During dietary P deficiency in late pregnancy and lactation most ruminants, including beef-genotype cows, can mobilise a substantial proportion (e.g. often >30% and in at least some circumstances up to 45%) of their bone minerals (Benzie et al. 1959; Little 1983; Dixon et al. 2017, 2020a). Cows that mobilise a high proportion of bone minerals during late pregnancy and lactation need to replenish these reserves in preparation for the next reproductive cycle. When beef cows grazing P-deficient pastures are not able to replenish their body P, there are often severe adverse effects on liveweight, lactation, reconception, welfare, and mortality (Read et al. 1986a, 1986b, 1986c; Spangenberg 1997; Dixon et al. 2017; Schatz et al. 2023). Similar adverse outcomes also occur in severely P-deficient dairy cows (Valk and Sebek 1999; Knowlton and Herbein 2002). In seasonally dry rangeland environments where cows typically lactate during the rainy season, it will often be desirable to replenish cow body P reserves by feeding P supplements during the late rainy season and the early dry season when cows are in late lactation or after weaning. However, the effectiveness of P supplementation to replenish cow body P during these seasons is not known.
An experiment investigated the hypothesis that mature pregnant Bos indicus-cross breeder cows that had grazed P-deficient pastures during lactation, and were therefore expected to have low bone P reserves at weaning, could (i) continue to mobilise body P to maintain voluntary feed intake and plasma inorganic P (Pi) when fed P-deficient diets, and (ii) replenish body P reserves when consuming diets with either moderate or high metabolisable-energy (ME) content together with additional P surplus to immediate requirements. The experiment examined a high-ME diet (~9.5 MJ ME/kg DM) comparable with high-quality grass or grass–legume pastures during the mid- to late rainy season, versus a moderate-ME diet (~8 MJ ME/kg DM) comparable with grass pastures during the late rainy season and the transition into the dry season.
Materials and methods
Selection and housing of the cows
Mature Bos indicus × Bos taurus-cross cows (~5/8–3/4 Bos indicus, Fn, Droughtmaster type, 6–11 years of age) were selected from a mixed-age herd on the Queensland Department of Primary Industries Spyglass Cattle Research Station (100 km west of Townsville, Queensland, Australia) in the seasonally dry tropics. The herd had grazed tropical northern speargrass native pastures in an open Eucalyptus woodland paddock without any supplementation during the 6 months before selection of cows on the 19 June 2014. The paddock primarily comprised soils containing <4 and 4–6 mg Colwell PB/kg DM (Bryant and Harms 2016) that are classed as ‘acutely deficient’, and ‘deficient’ in P respectively, for grazing cattle (Kerridge et al. 1990; McCosker and Winks 1994; Jackson et al. 2023). The cows had been mated annually from ~2 years of age, and most recently from 15 January to 5 May 2014. The cows were blood-sampled from the coccygeal vein on the 5 May 2014 for measurement of Pi. On the 18 June 2014, the herd was mustered, calves weaned and pregnancy evaluated by rectal palpation. Forty cows were selected as (i) previously lactating through the 2013–2014 rainy season, (ii) currently 2.0–3.5 months pregnant, (iii) in body condition score (BCS) 2.0–3.3 on a 5-point scale (CSIRO 2007), and (iv) temperament suitable for an intensive pen experiment. About one-third of the cows were in each of the Age groups of 5–6, 7–8 and 9–11 years. The experiment was approved by the Queensland Department of Primary Industries Animal Ethics Committee (SA2014/04/464 and SA2014/04/470).
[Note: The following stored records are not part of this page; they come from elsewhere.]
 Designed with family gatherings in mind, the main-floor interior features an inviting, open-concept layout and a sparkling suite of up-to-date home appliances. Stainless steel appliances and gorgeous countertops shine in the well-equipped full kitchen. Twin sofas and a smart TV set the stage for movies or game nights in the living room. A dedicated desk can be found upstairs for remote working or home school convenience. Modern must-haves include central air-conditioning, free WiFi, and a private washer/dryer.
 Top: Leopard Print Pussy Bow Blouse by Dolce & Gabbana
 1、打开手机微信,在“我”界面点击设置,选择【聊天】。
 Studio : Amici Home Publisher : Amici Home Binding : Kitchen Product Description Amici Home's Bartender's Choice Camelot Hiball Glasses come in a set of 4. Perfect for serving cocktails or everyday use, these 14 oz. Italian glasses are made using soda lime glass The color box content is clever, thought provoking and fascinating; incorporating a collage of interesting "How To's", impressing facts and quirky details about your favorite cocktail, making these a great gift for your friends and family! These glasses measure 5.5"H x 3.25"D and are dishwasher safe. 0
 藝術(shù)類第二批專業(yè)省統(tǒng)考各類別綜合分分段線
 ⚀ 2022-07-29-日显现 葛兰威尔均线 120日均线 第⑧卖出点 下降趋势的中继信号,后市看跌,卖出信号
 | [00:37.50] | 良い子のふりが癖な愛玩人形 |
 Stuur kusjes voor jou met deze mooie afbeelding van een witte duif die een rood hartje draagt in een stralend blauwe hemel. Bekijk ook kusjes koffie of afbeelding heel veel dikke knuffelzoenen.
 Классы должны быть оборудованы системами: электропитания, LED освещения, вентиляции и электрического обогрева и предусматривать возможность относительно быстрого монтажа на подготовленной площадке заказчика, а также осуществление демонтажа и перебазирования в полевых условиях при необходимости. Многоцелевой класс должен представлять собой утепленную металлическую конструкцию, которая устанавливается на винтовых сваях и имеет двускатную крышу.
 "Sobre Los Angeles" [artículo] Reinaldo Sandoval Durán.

The cows were transported by truck to the Brian Pastures Research Station, Gayndah, in the subtropics of Queensland. After arrival (20 June 2014), the cows were allowed to recover from transport, while held in yards and fed barley straw ad libitum, and were blood-sampled on the 23 June 2014. The cows were then fed a low-P diet (the ModE-LP diet described below). On the 26 June 2014, liveweight of the cows was measured, BCS evaluated, the cows (n = 40) were randomly allocated to 10 blocks, and the four cows within each block were randomly allocated to the four treatments. The cows were allocated to 40 individual pens in the animal shed, with the four cows in each block in adjoining pens. The cows were (mean ± s.d. (range)) 430 ± 45 (307–502) kg liveweight, 2.7 ± 0.35 (2.0–3.3) BCS, and fetal age was 12 ± 1.2 (9–14) weeks. Thus, the cows were generally in their second trimester of pregnancy during the experiment. Water was available in each pen. Half of each pen (~33 m2) with the feed bunk was roofed and with a concrete floor, whereas the remainder was soil. Additional shade was provided with canvas sails.
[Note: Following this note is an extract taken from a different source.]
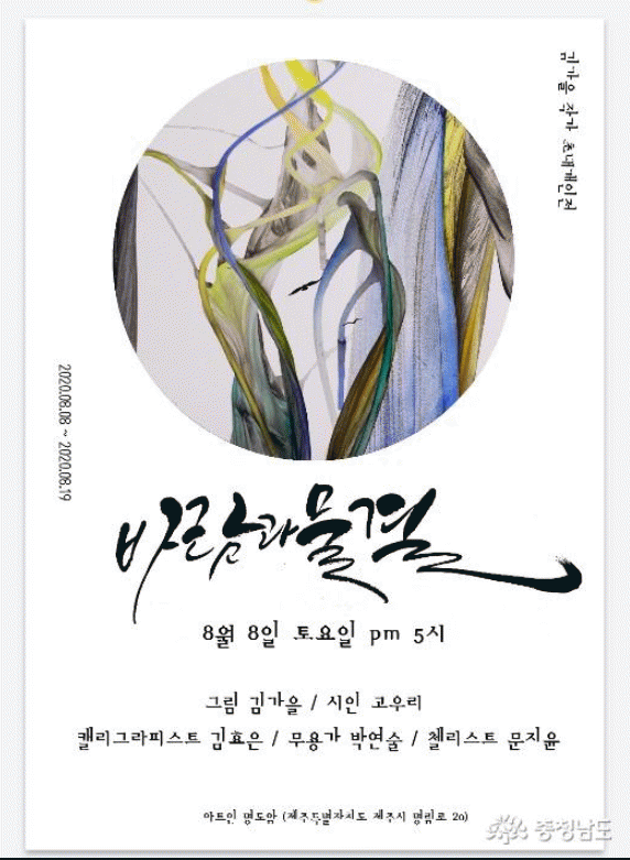 Ãæ³²½ÅÁø¿¹¼ú°¡ 5±â °í¿ì¸® ½ÃÀΰú Á¦ÁÖÀÇ ±èÈ¿Àº ͏®±×¶óÇǽºÆ®°¡ ÇÔ²² ÇÏ´Â À̹ø Àü½Ãȸ´Â ¹Ù¶÷°ú ¹°°áÀ» ÁÖÁ¦·Î 3ÀÎÀÇ ÀÛ°¡°¡ °¢°¢ ±×¸²°ú ½Ã¿Í ±Û¾¾·Î Çϳª°¡ µÇ¾î È帣´Â ½Ã°£°ú °°Àº ¹Ù¶÷°ú ¹°°áÀ» Ç¥ÇöÇÑ´Ù.

Diets, total collections of faeces and measurements of liveweight and BCS
The four diet treatments in a 2 × 2 factorial design were as follows: (i) moderate ME, low P (ModE-LP), (ii) moderate ME, high P (ModE-HP), (iii) high ME, low P (HighE-LP), and (iv) high ME, high P (HighE-HP). The main effects of P concentration are referred to as LP or HP diets, whereas the main effects of ME content are referred to as ModE or HighE diets. The diets were prepared as total mixed rations based on coarsely chopped wheat straw, wheat flour and sugar. The HighE diets contained (g/kg as fed) 512 wheat straw, 282 wheat flour and 141 sugar, whereas the ModE diets contained 667 wheat straw, 186 wheat flour and 94 sugar (Table 1). The HP diets contained mono dicalcium phosphate (Kynophos, KK Animal Nutrition Pty Ltd, Umbogintwini, South Africa). The treatment diets were fed daily from the 26 June 2014 (Day 1) for 101 days, and cows were individually offered ~10% in excess of their previous intakes to achieve ad libitum intakes. Feed refusals were collected weekly. Cows were introduced to the treatment diets over 4 days, during which additional straw was added to the diet to minimise the risk of acidosis. Water was freely available from troughs in each pen.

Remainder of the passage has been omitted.